CVE-2024-21409: 
vulnerability analysis and mitigation

A remote code execution vulnerability (CVE-2024-21409) affects .NET, .NET Framework, and Visual Studio. The vulnerability was disclosed on April 9, 2024, impacting multiple versions of .NET Framework (3.5, 4.6.2, 4.7, 4.7.1, 4.7.2, 4.8) and .NET versions 6.0 prior to 6.0.29, 7.0 prior to 7.0.18, and 8.0 prior to 8.0.4 (NVD, Microsoft Advisory).

The vulnerability has been assigned a CVSS v3.1 base score of 7.3 (HIGH) with the vector string CVSS:3.1/AV:L/AC:L/PR:L/UI:R/S:U/C:H/I:H/A:H. Microsoft has classified this as a Use After Free (CWE-416) vulnerability (NVD).

Successful exploitation of this vulnerability could lead to disclosure of sensitive information, addition or modification of data, or Denial of Service (DoS) (NetApp Advisory).

Microsoft has released security updates to address this vulnerability.
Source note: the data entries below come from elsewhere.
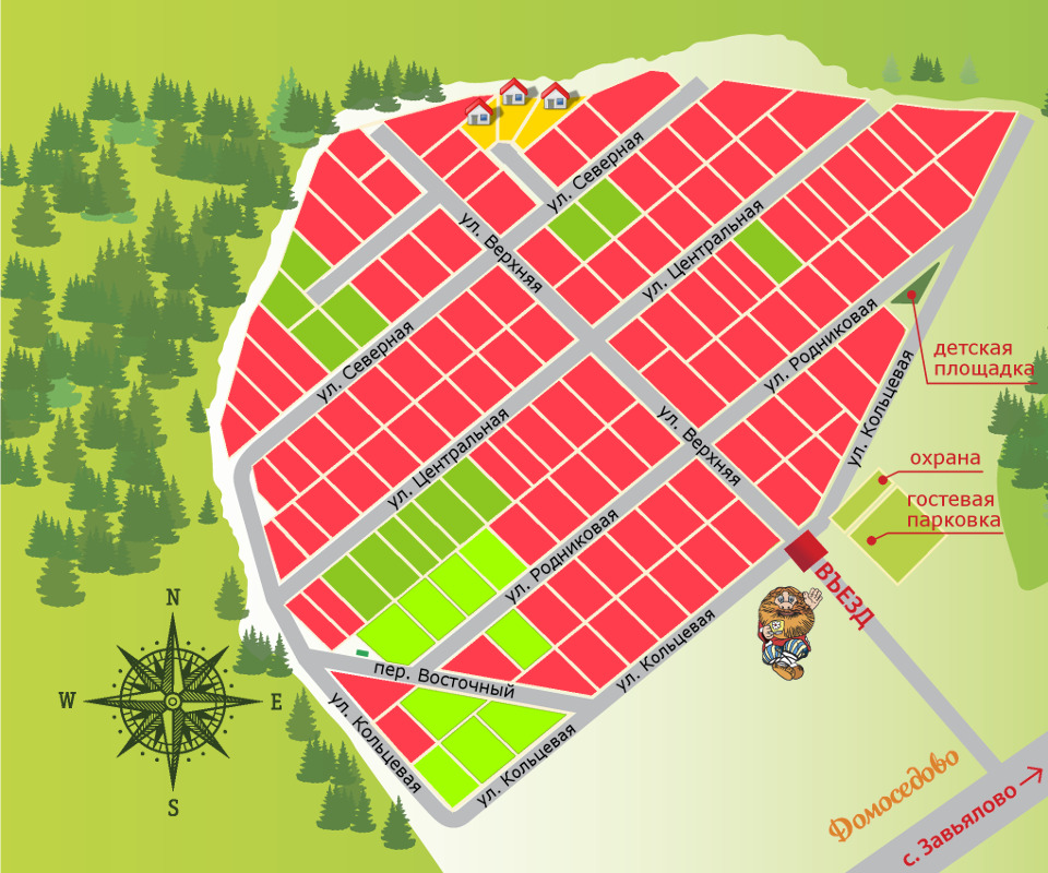 Безопасность. Посёлок огражден по периметру, на въезде установлен контрольно-пропускной пункт. Предусмотрена круглосуточная охрана.
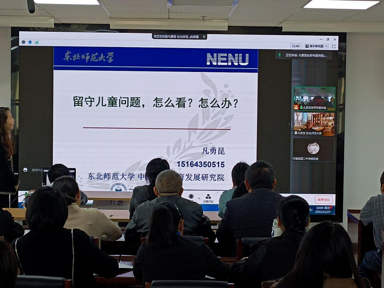 2022年11月27日上午,东北师范大学博士生导师,教育部人文社会科学重点研究基地东北师范大学中国农村教育发展研究院经理助理,中国教育学会农村教育分会副秘书长,教育部课程思政教学名师凡勇昆副教授利用远程网络在线上给学员们做了一场精彩、生动的讲座。围绕《留守儿童问题,这么看?怎么办?》这一主题,凡勇昆老师结合多年的教学和调研经验,给学员们讲解了当前农村留守儿童教育现状,存在哪些突出问题,留守儿童的需求有哪些等等。并针对这些具体问题,给学员们讲解了一些非常实用的解决策略。
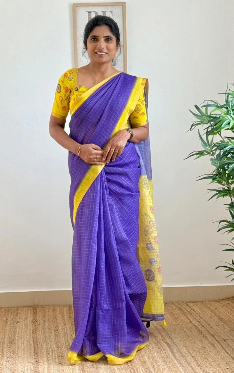 Soft Semi linen cotton have checked body with contrast border and kalamkari pallu
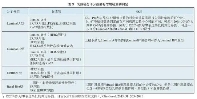 同时,Ki67还可以作为腔面A和腔面B型的区分指标,但是目前Ki67没有明确高低值的判断标准,大多数文献仍以14%为界, 2015年St. Gallen共识中,多数专家将20%~29%这一区间作为临界值来区分腔面A和腔面B型乳腺癌。
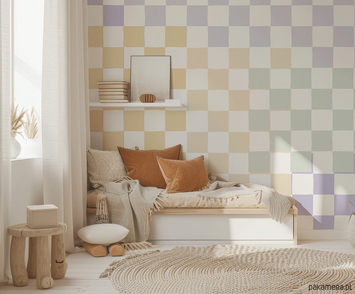 Wnętrze z tapetą „Colorful Chess” nabiera wyjątkowego, ciepłego charakteru – idealnie pasuje do naturalnych materiałów, jasnego drewna i tekstyliów w kolorach beżu czy karmelu. Tapeta pięknie prezentuje się w pokoju dziecka, przedszkolu czy sali zabaw, tworząc spokojne, pełne światła tło dla codziennych aktywności i kreatywnych zabaw.
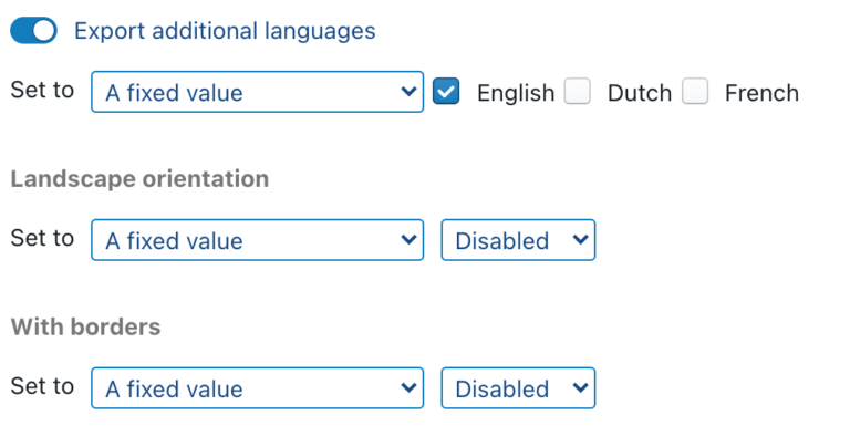 When at least one extra language is checked, you can also specify dynamically the orientation and the optional borders between columns:
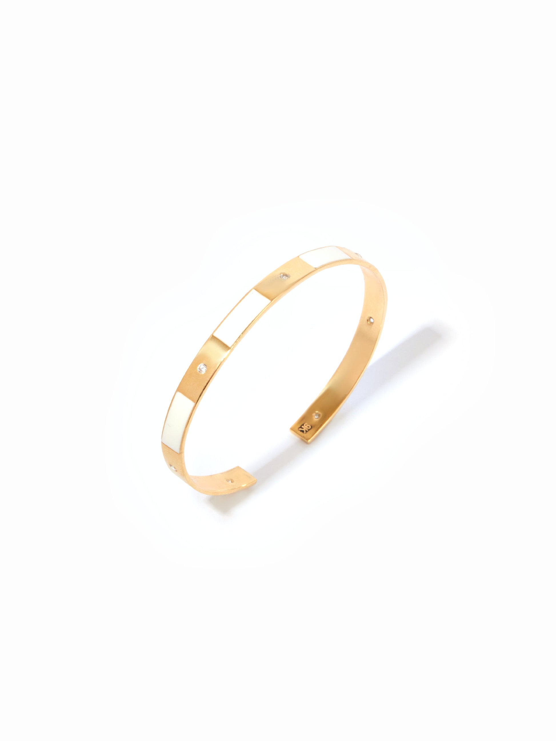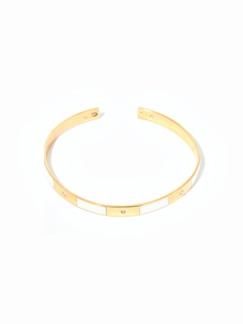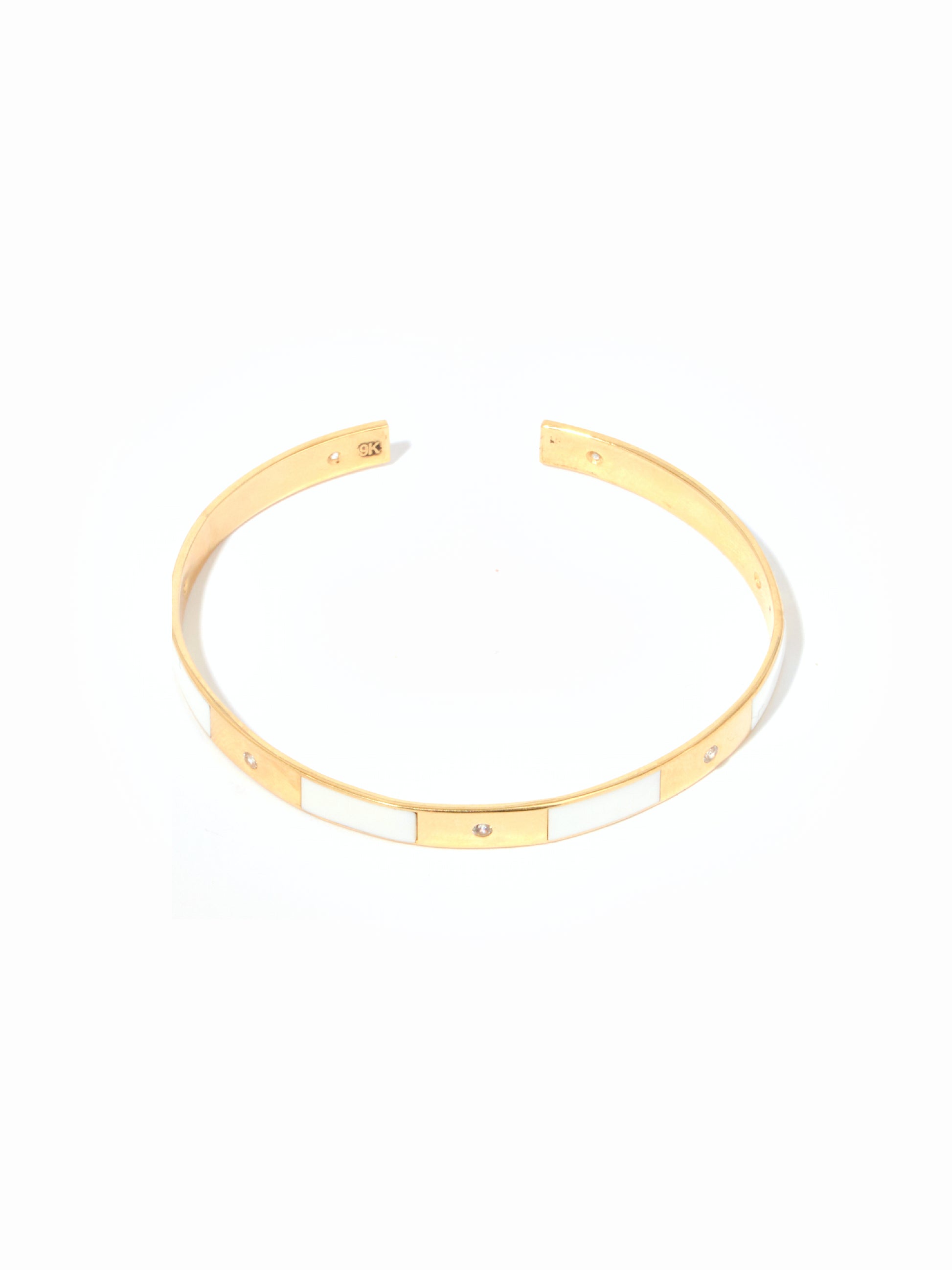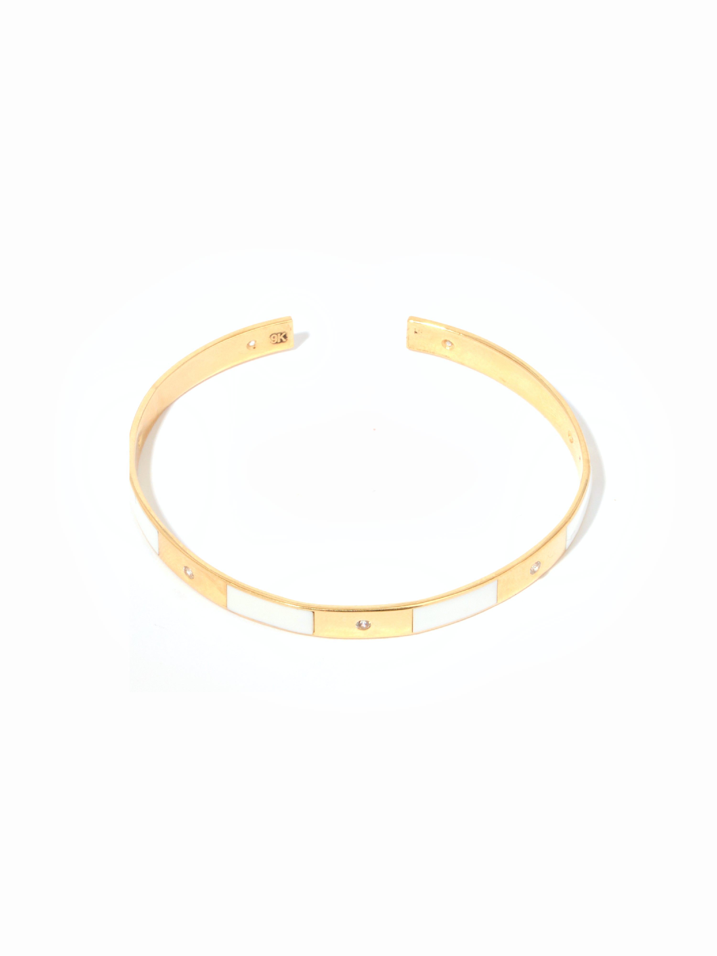 9ct Yellow Gold Cuff Bracelet with White Enamel

Users should install the latest security updates through Windows Update or download them directly from the Microsoft Update Catalog. For .NET Framework 4.6, 4.6.1, 4.6.2, 4.7, 4.7.1, and 4.7.2, the d3dcompiler_47.dll update must be installed before applying the security update (Microsoft Support).